Re: Ticket Confusion
Posted: Tue Jun 14, 2011 10:43 pm
by Blink Bonny
PP, I congratulate you on your restraint.
However, my cousin in Mississippi has a very good word for people like this "Train Manager" - remember when we had Guards and TTCs? - that he uses when profanity doesn't adequately express his feelings.
Man's a wretch.
Sums it up.
BTW, my cousin taught ME some swear words - then I returned the compliment...
Re: Ticket Confusion
Posted: Tue Jun 14, 2011 11:42 pm
by giner
Pretty disgusting.
1. The ticket inspector, clearly not smarter than a fifth grader, could (a) have turned a blind eye in the first place - the tickets were valid, and (b) given that the ladies' tickets had been bought as a gift online from a distant location, it should have been obvious that the relevant credit card could not have been produced on demand. Seems like basic intelligence is not a requirement for a ticket inspector's job.
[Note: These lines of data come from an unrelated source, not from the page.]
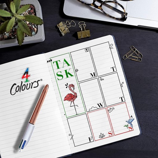 Odkryj nowoczesny styl z długopisem BIC 4 Rose Gold, gdzie elegancja spotyka się z funkcjonalnością. Cztery średnie końcówki o szerokości 1 mm, w kolorach niebieskim, czarnym, czerwonym i zielonym, które doskonale sprawdzą się w każdej sytuacji - od pisania po rysowanie czy organizowanie notatek.
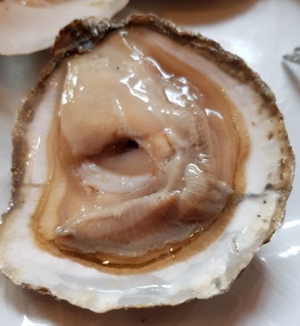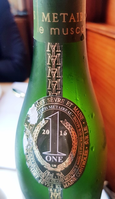 C’est mon ami qui prend tout en charge, le menu comme le début des vins. Nous avons d’abord d’énormes huîtres plates de Belon magnifiquement iodées et goûteuses. Nous buvons un Muscadet Sèvre et Maine sur lie Louis Métaireau Cuvée « One » 2016. Ce vin franc et direct est une mine d’iode. Il est frais, sans chichi et s’adapte parfaitement aux lourdes huîtres.
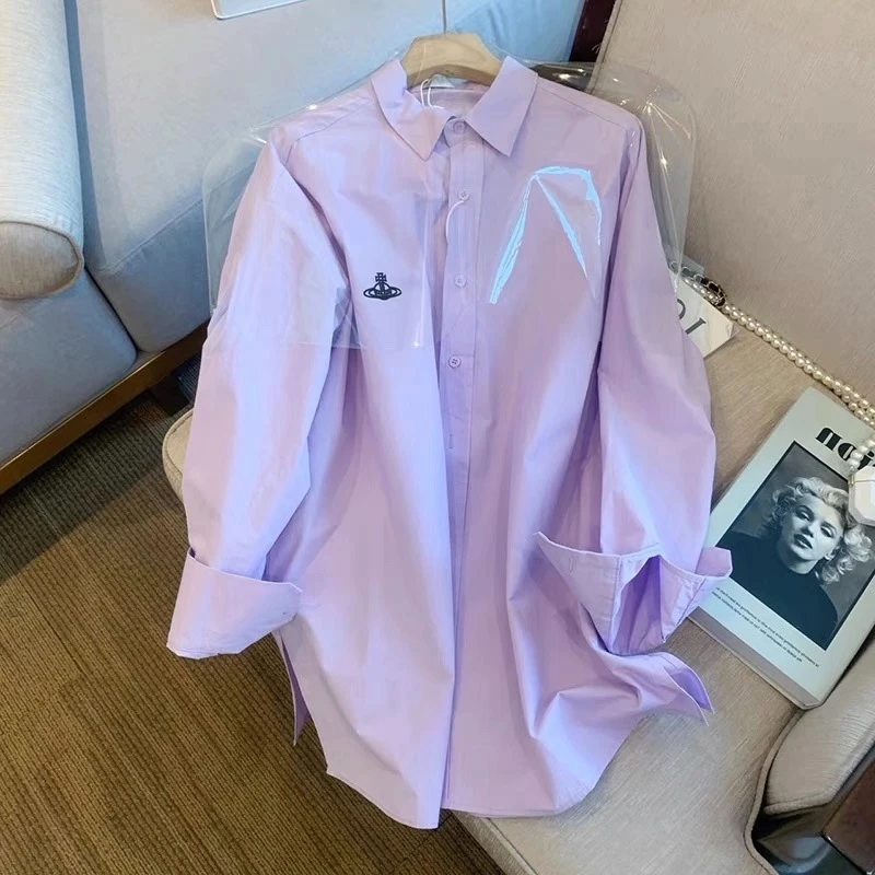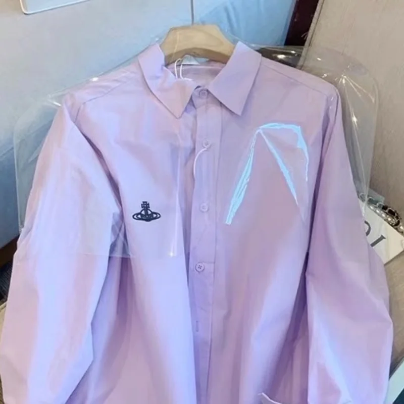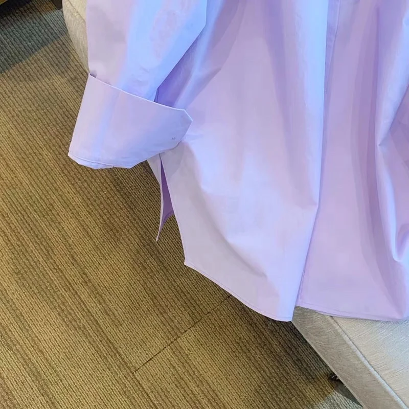 yipinpay Purple Shirt Women Blouse Chic Embroid Design Long Sleeves Casual Tops 2023 Fashion Vintage Single-Breasted Femmes Shirt

2. Cross Country, but for its shameless grab at some extra revenue, could have allowed the ladies to produce the credit card in question as they had offered to do so upon arrival in Devon.
3. The website "thetrainline.com" weasles out it nicely by saying the fine process is none of their doing.
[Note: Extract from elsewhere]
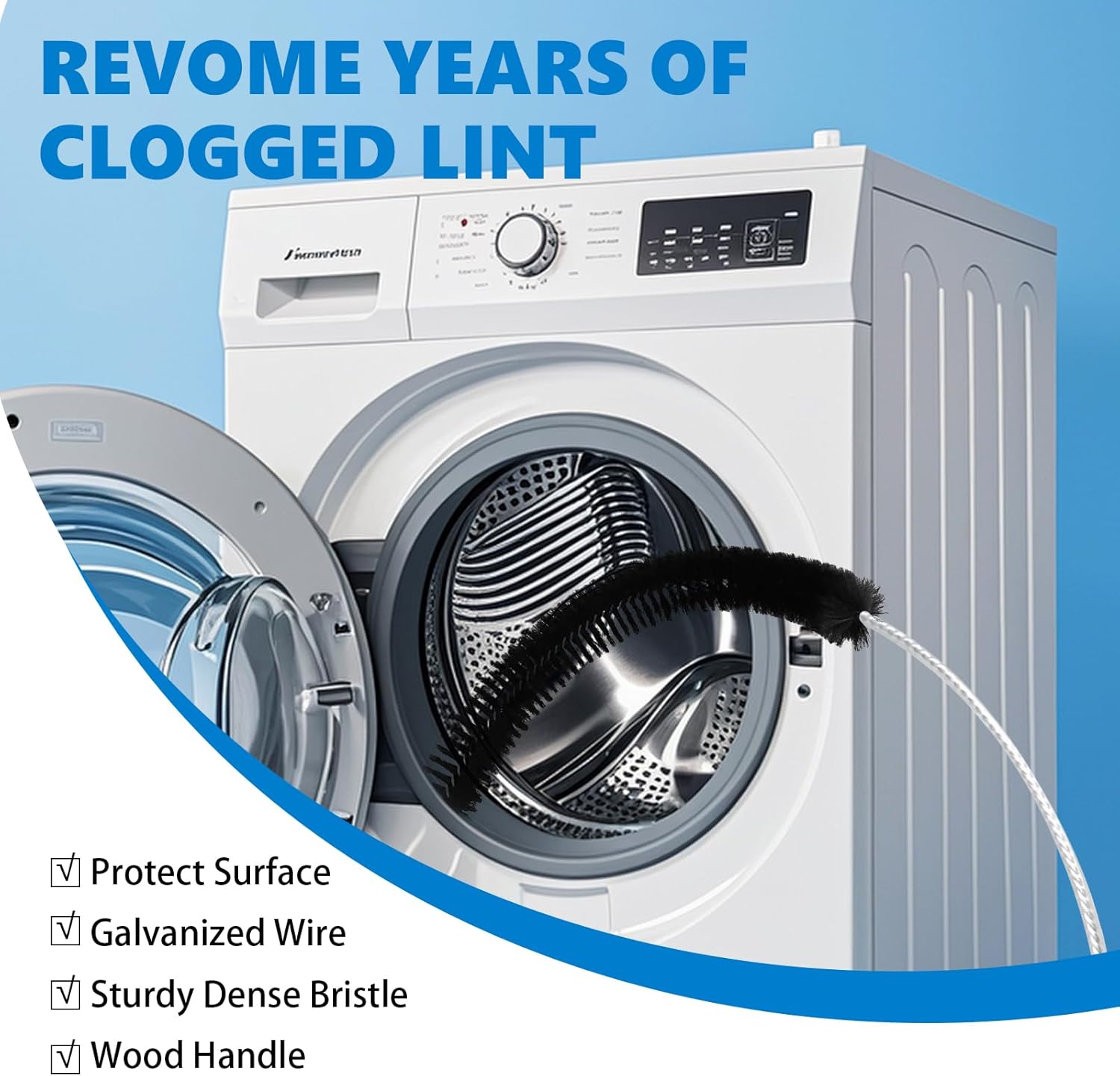 - 【 Heavy-Duty Construction】Sturdy wooden handle controls this long handle dryer brushes. Reinforced core doubles as refrigerator coil cleaning brush and lint dryer brush for multi-use home maintenance.

This is what goes for customer service these days? Bunch of jerks all around.
Re: Ticket Confusion
Posted: Tue Jun 14, 2011 11:53 pm
by 52A
Typical of the low lifes running the railways today!
Re: Ticket Confusion
Posted: Wed Jun 15, 2011 9:15 am
by Multiprinter
I suspect that the requirement to produce the credit card is a means of preventing more than one copy of the ticket being printed and used.
Photocopying (or its more modern alternatives) of tickets has been going on since the late 1960s when photocopies of Hugin tickets were spotted by alert staff. This led to a change to red pre-printing of Hugin stock and all subsequent ticket types eg.NCR51 had coloured pre-printing and/or security backgrounds. Even then a colour photocopied Aptis annual season was discovered.
Re: Ticket Confusion
Posted: Sun Jun 19, 2011 11:40 am
by PGBerrie
The same rules apply to on-line train tickets in Germany. I often see people being asked for their credit card, which is the swiped through the machine the ticket inspector carries. I'm not sure what happens if the credit card cannot be produced.
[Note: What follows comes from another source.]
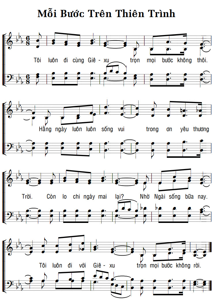 1. Tôi luôn đi cùng Giê-xu trọn mọi bước không thôi. Hằng ngày luôn luôn sống vui trong ơn yêu thương Trời. Còn lo chi ngày mai lại? Nhờ Ngài sống bữa nay. Tôi luôn đi với Giê-xu trọn mọi bước không rời.

I travel with a "50% DB travel card" - its number is also on both paper and on-line tickets. When I reached 60 I was issued with a new card with a new number. I failed to inform the company travel agent about the change and the next time I travelled a ticket inspector spotted that the numbers on the paper ticket and new card did not tally. I was told that the ticket was invalid - she then disappeared with ticket and card and came back half an hour later to tell me that she had been in touch with DB central (wherever that might be), and I would be allowed to travel further on the ticket.
You would have thought that the the ticket inspector/train manager could also have checked back with headquarters, especially considering the passengers involved.